Research psychiatrist E. Fuller Torrey’s new book, “The Insanity Offense,” describes what he calls “one of the great social disasters of recent American history”: the failure to treat the seriously mentally ill. That failure, he argues, not only leaves the sick to suffer without help but also endangers their families and fellow citizens.
Founder of the Arlington, Va.-based Treatment Advocacy Center and a former member of staff at Washington’s St. Elizabeths psychiatric hospital, Torrey tells a story of a half-century of well-meant but misguided policies.
First, he argues, came the post-World War II push to move psychiatric patients out of hospitals and place them in communities. Couple that with the conviction widely held among civil rights lawyers in the 1960s that involuntary institutionalization was incompatible with the principles of a free society, and the stage was set: At least 40 state mental hospitals closed, Torrey writes, and there was little aftercare provided for people who suddenly found themselves untreated and often on the street.
Of the 4 million people in the United States who suffer from severe psychiatric disorders, such as schizophrenia and depression with psychosis, Torrey estimates that 1 percent, or 40,000, are overtly dangerous.

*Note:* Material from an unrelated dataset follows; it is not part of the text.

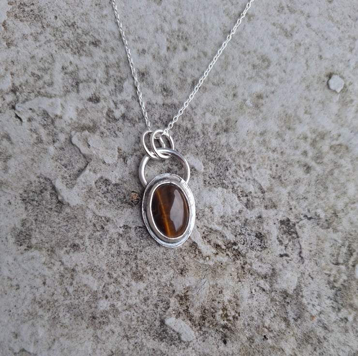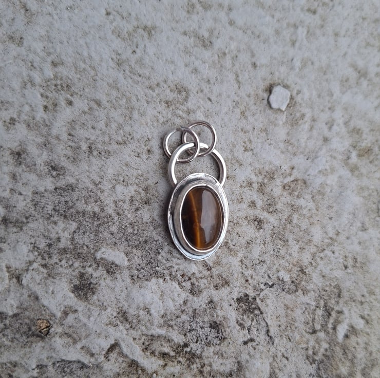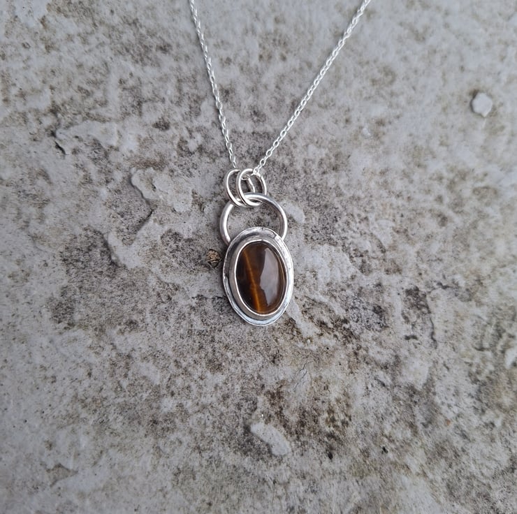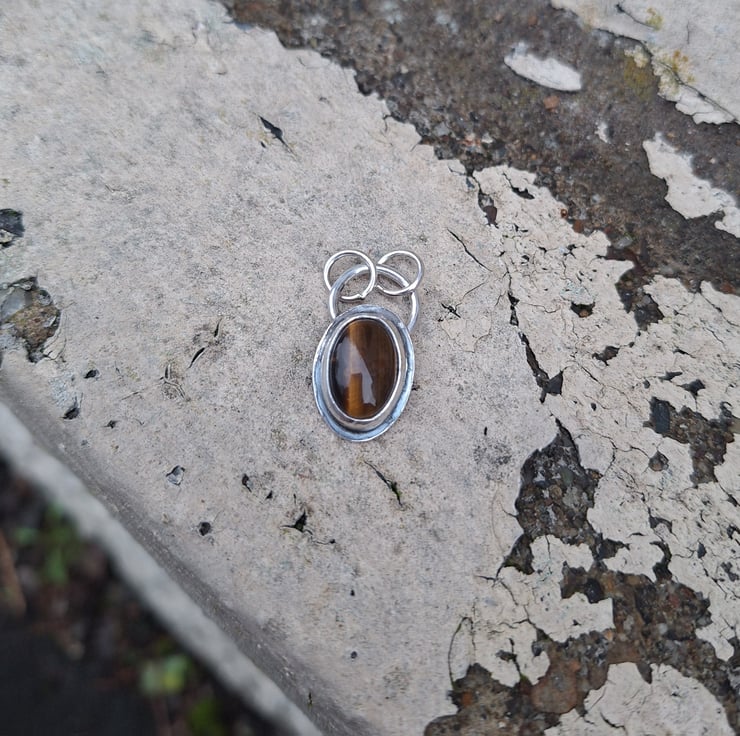I love tigers eye. This smooth oval cabochon has a gorgeous shimmer and banding to it. It's set simply in 925 recycled sterling silver with a double bail.

These are people who have committed violent acts, he writes, and, if unmedicated, are likely to do so again.
Torrey’s is a chilling and provocative tale, told through the lives (and untimely deaths) of the men and women who, he argues, were the victims of these policies. If he ever slowed in his writing, Torrey says, news accounts would provide him with reason to continue — like the crowded 2006 funeral of a Fairfax County, Va., police officer and mother of two who, he writes, died at the hands of “an eighteen-year-old with seven guns and untreated schizophrenia.”
We have the means to rectify this failing, Torrey argues. The question is whether we have the will.